## Exercise
Each line below needs to be returned exactly. Skip any picture.

## Source material
•••

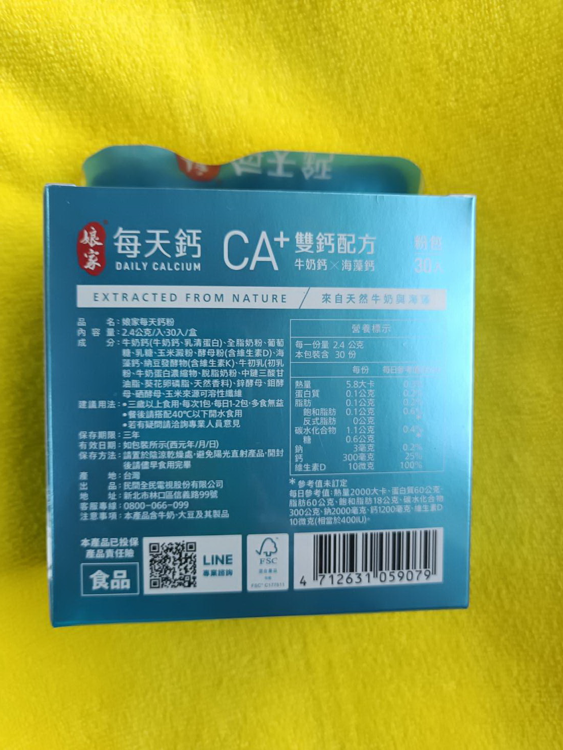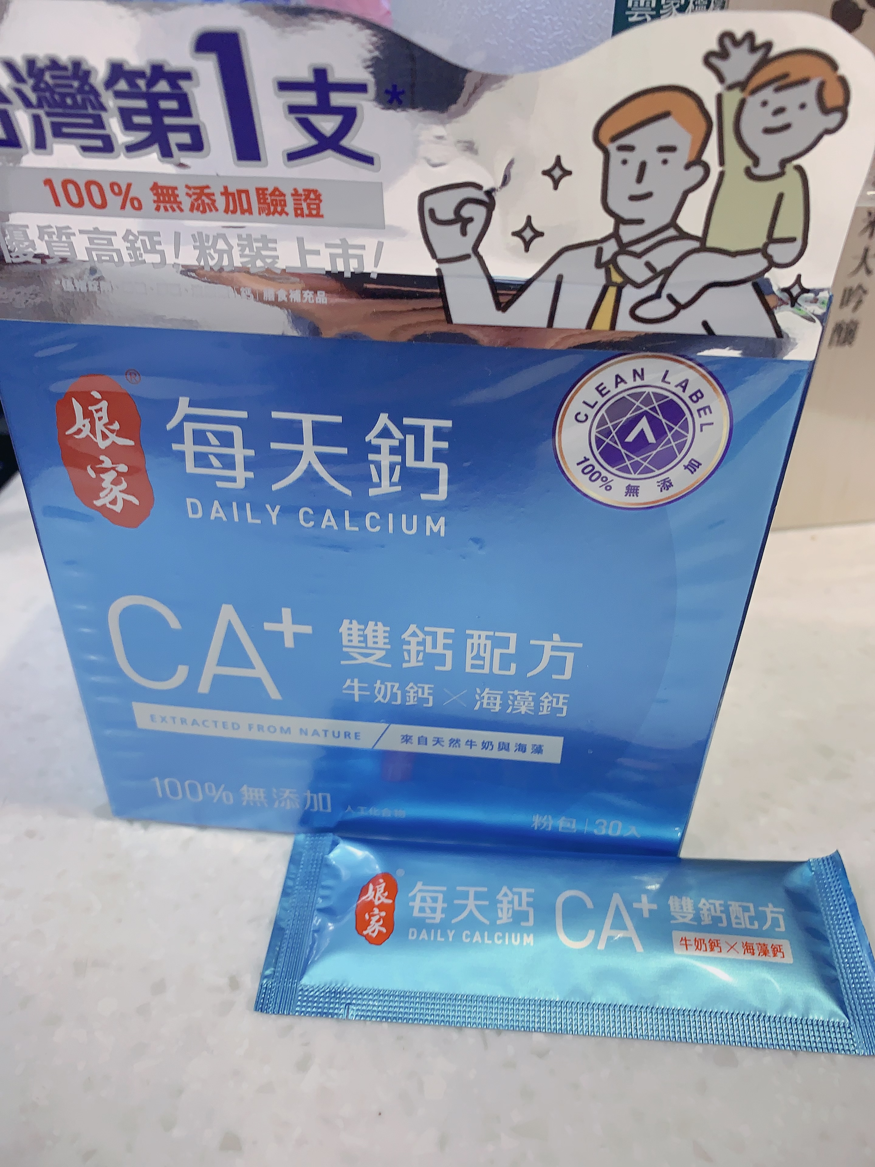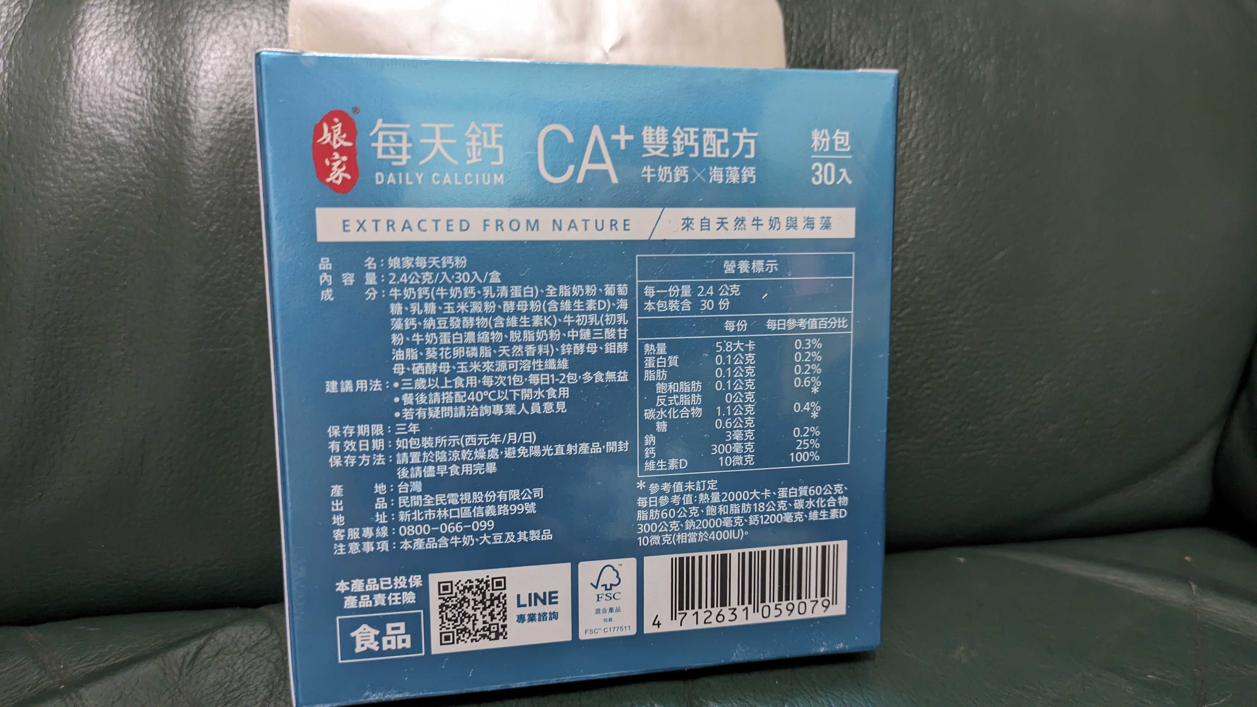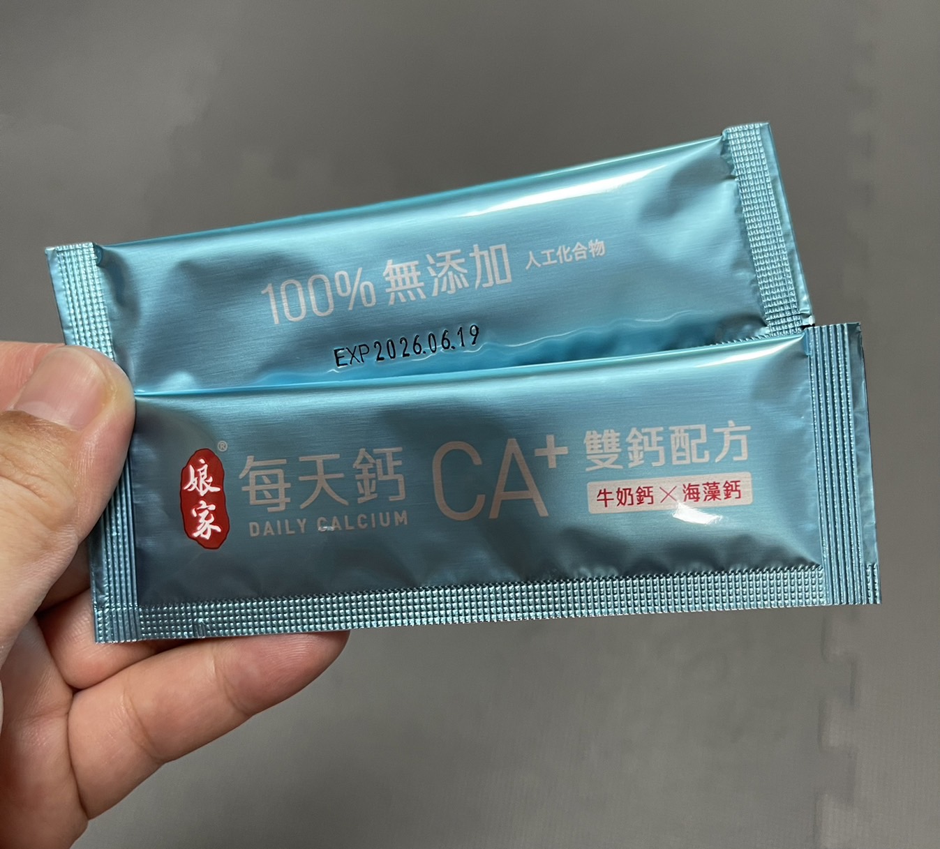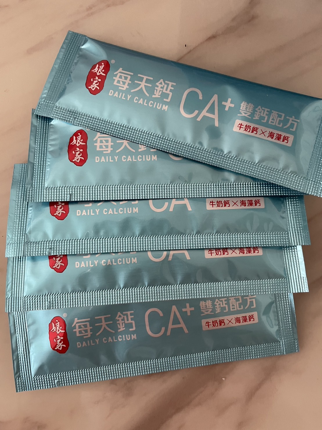 牛奶鈣(牛奶鈣、乳清蛋白)、全脂奶粉、葡萄糖、乳糖、玉米澱粉、酵母粉(含維生素D)、海藻鈣、納豆發酵物(含維生素K)、牛初乳(初乳粉、牛奶蛋白濃縮物、脫脂奶粉、中鏈三酸甘油脂、葵花卵磷脂、天然香料)、鋅酵母、鉬酵母、硒酵母、玉米來源可溶性纖維。
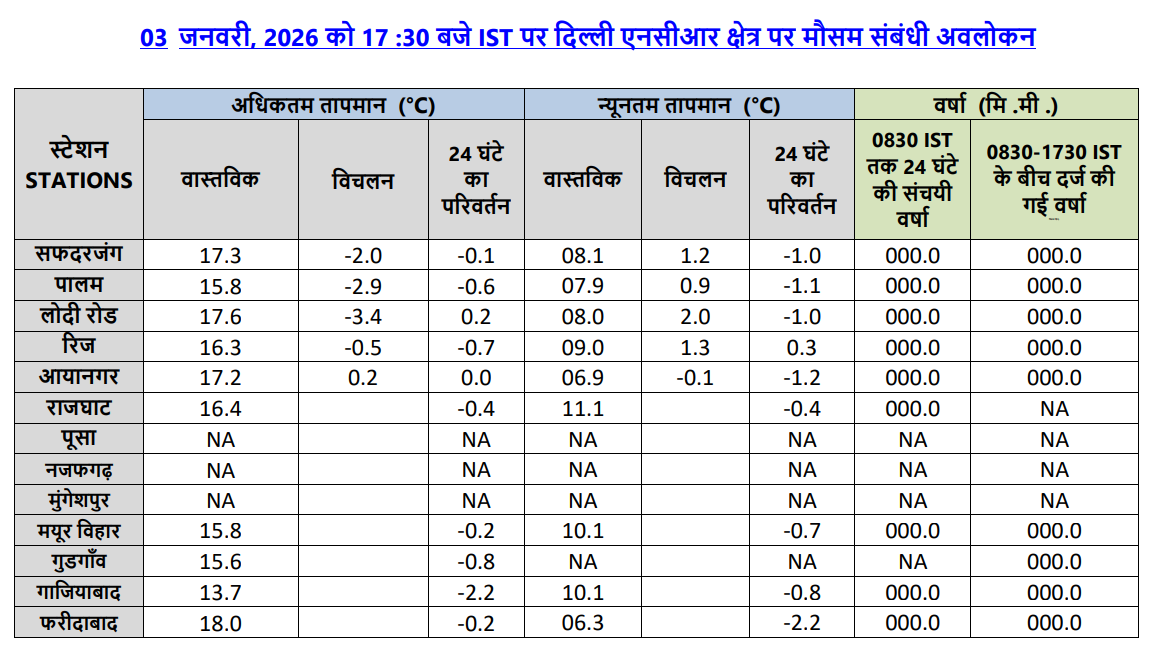 मौसम विभाग के अनुसार 4 जनवरी को दिल्ली के उत्तरी, उत्तर-पश्चिमी, उत्तर-पूर्वी, पश्चिमी, मध्य, पूर्वी, दक्षिणी और दक्षिण-पश्चिमी दिल्ली में सुबह के समय मध्यम से घना कोहरा छाने की संभावना है. दिन के वक्त आसमान साफ रहेगा. लेकिन सुबह के समय विजिबिलिटी कम हो सकती है. आनंद विहार, रोहिणी, मुंडका, जहांगीरपुरी, चांदनी चौक और वजीरपुर जैसे इलाकों में कोहरे का असर ज्यादा रह सकता है जिससे सड़क और रेल यातायात प्रभावित होने की आशंका है.
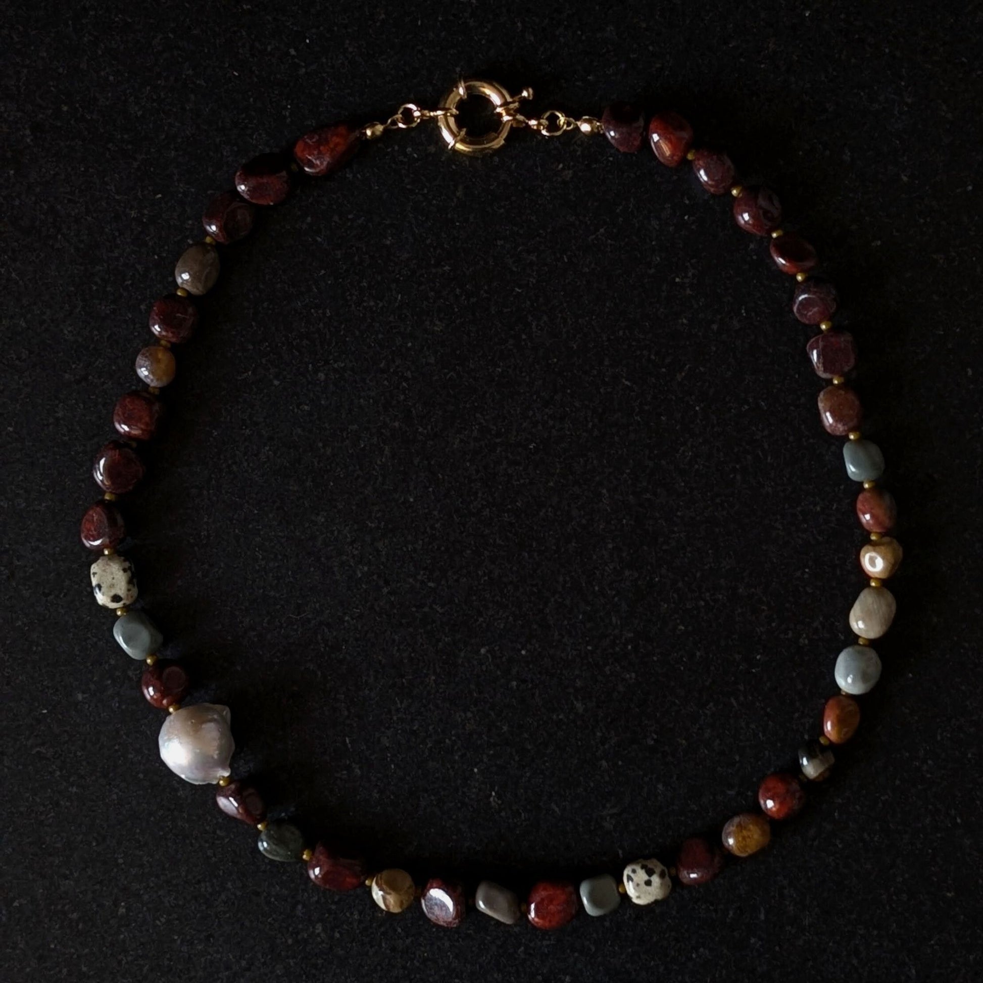 Each bead is hand selected, from deep burgundy and moss green to soft cream and pearl — is chosen for its organic shape and subtle variation, creating a one-of-a-kind rhythm that feels grounded yet luminous.

•••

## Response to this task
 牛奶鈣(牛奶鈣、乳清蛋白)、全脂奶粉、葡萄糖、乳糖、玉米澱粉、酵母粉(含維生素D)、海藻鈣、納豆發酵物(含維生素K)、牛初乳(初乳粉、牛奶蛋白濃縮物、脫脂奶粉、中鏈三酸甘油脂、葵花卵磷脂、天然香料)、鋅酵母、鉬酵母、硒酵母、玉米來源可溶性纖維。
 मौसम विभाग के अनुसार 4 जनवरी को दिल्ली के उत्तरी, उत्तर-पश्चिमी, उत्तर-पूर्वी, पश्चिमी, मध्य, पूर्वी, दक्षिणी और दक्षिण-पश्चिमी दिल्ली में सुबह के समय मध्यम से घना कोहरा छाने की संभावना है. दिन के वक्त आसमान साफ रहेगा. लेकिन सुबह के समय विजिबिलिटी कम हो सकती है. आनंद विहार, रोहिणी, मुंडका, जहांगीरपुरी, चांदनी चौक और वजीरपुर जैसे इलाकों में कोहरे का असर ज्यादा रह सकता है जिससे सड़क और रेल यातायात प्रभावित होने की आशंका है.
 Each bead is hand selected, from deep burgundy and moss green to soft cream and pearl — is chosen for its organic shape and subtle variation, creating a one-of-a-kind rhythm that feels grounded yet luminous.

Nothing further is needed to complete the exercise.